-- Exercise prompt --
Beginning at the line containing "closing the error", repeat each line below exactly up to and including the line containing "The global tropospheric CH4-weighted". Do not repeat the pictures.

-- Records supplied --
+++

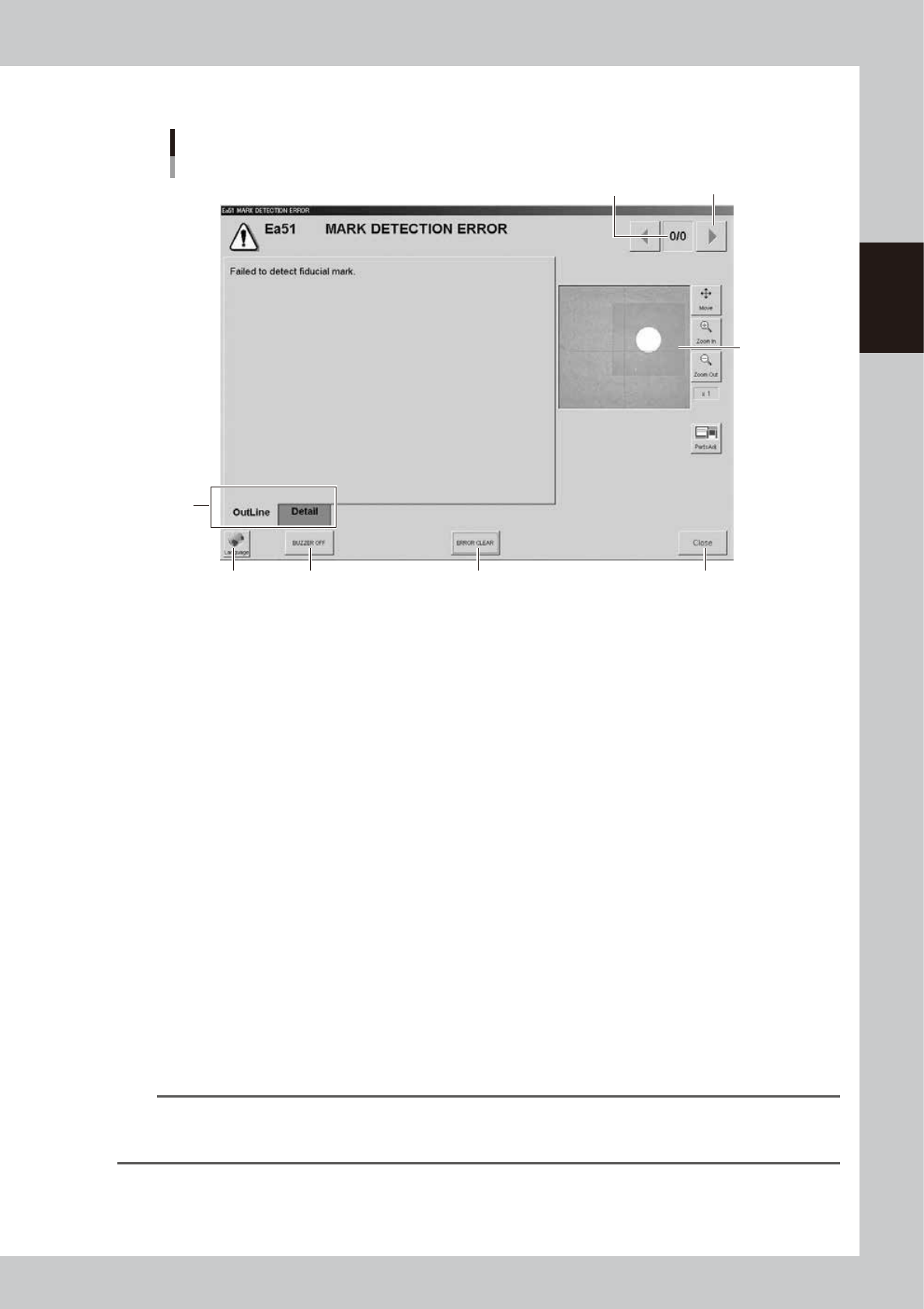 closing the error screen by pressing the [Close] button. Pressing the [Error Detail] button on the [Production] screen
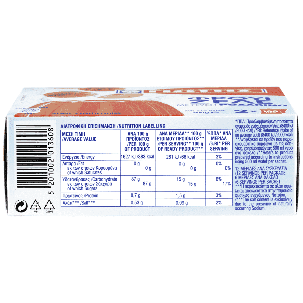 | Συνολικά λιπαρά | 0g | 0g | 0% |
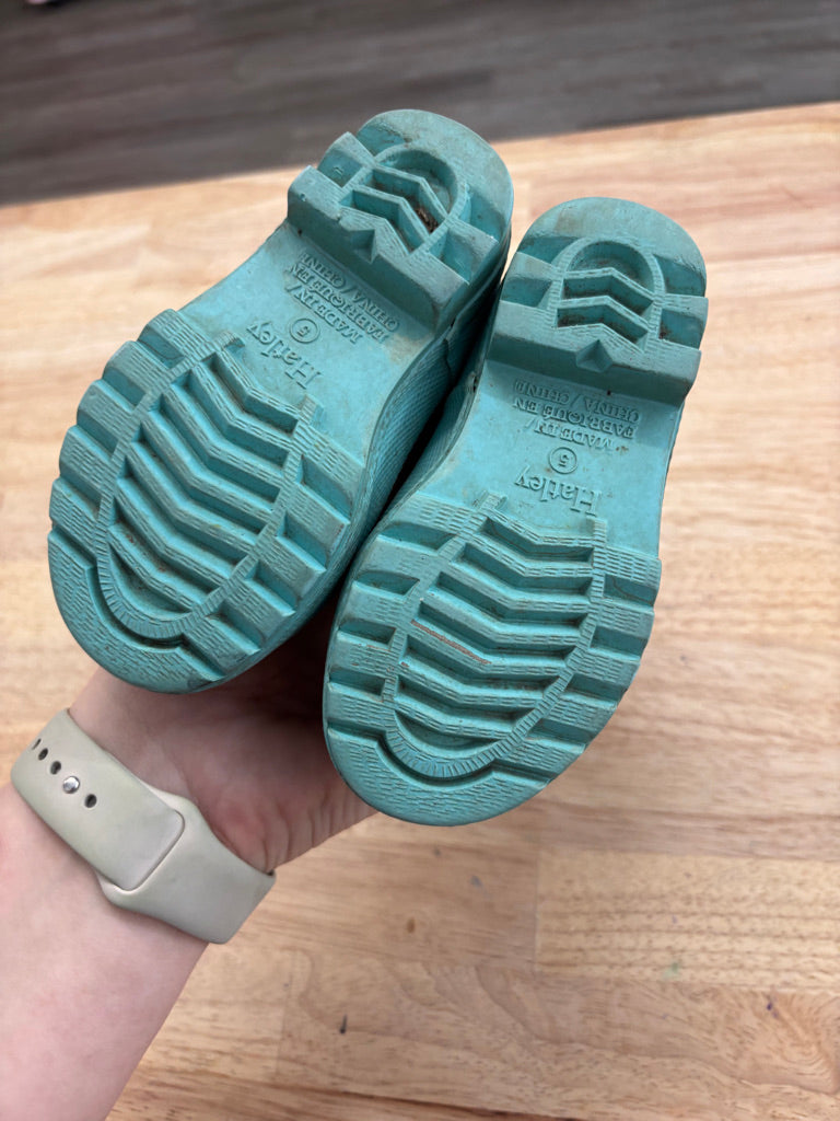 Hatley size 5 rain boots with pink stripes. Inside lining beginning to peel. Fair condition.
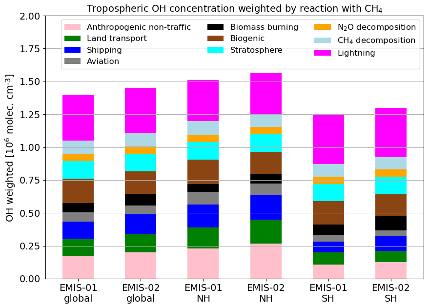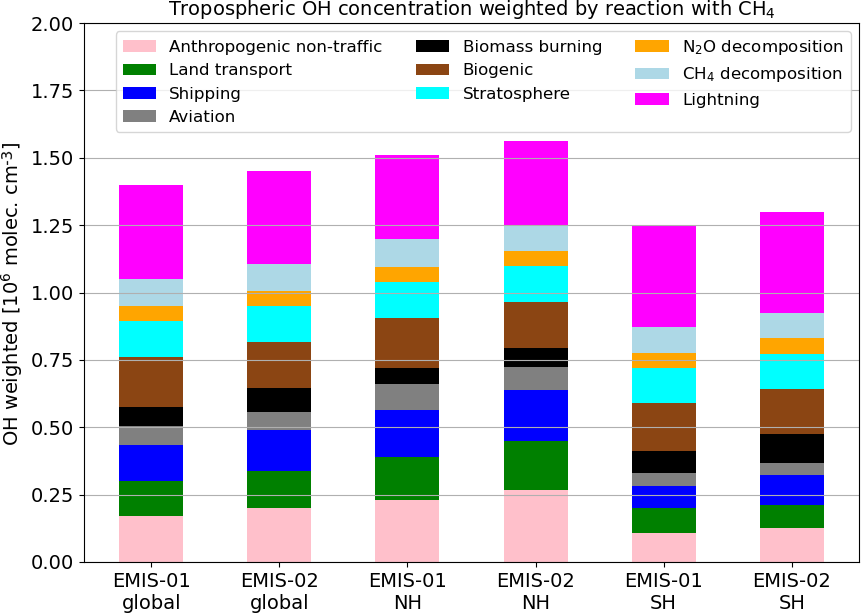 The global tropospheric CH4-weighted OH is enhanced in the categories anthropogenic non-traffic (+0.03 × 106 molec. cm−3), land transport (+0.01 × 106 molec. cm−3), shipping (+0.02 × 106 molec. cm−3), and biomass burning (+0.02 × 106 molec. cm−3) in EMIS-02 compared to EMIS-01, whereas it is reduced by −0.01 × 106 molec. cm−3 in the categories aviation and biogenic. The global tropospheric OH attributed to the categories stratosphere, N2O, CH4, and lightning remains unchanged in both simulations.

+++

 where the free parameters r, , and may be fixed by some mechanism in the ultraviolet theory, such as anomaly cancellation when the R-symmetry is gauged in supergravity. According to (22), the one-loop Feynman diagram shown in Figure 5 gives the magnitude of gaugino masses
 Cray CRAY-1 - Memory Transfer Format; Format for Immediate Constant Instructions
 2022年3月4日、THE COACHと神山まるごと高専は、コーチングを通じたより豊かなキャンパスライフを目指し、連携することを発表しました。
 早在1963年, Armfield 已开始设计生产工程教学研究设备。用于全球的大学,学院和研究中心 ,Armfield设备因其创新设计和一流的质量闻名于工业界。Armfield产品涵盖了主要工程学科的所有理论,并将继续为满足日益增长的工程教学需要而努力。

+++

-- Written reply --
 closing the error screen by pressing the [Close] button. Pressing the [Error Detail] button on the [Production] screen
 | Συνολικά λιπαρά | 0g | 0g | 0% |
 Hatley size 5 rain boots with pink stripes. Inside lining beginning to peel. Fair condition.
 The global tropospheric CH4-weighted OH is enhanced in the categories anthropogenic non-traffic (+0.03 × 106 molec. cm−3), land transport (+0.01 × 106 molec. cm−3), shipping (+0.02 × 106 molec. cm−3), and biomass burning (+0.02 × 106 molec. cm−3) in EMIS-02 compared to EMIS-01, whereas it is reduced by −0.01 × 106 molec. cm−3 in the categories aviation and biogenic. The global tropospheric OH attributed to the categories stratosphere, N2O, CH4, and lightning remains unchanged in both simulations.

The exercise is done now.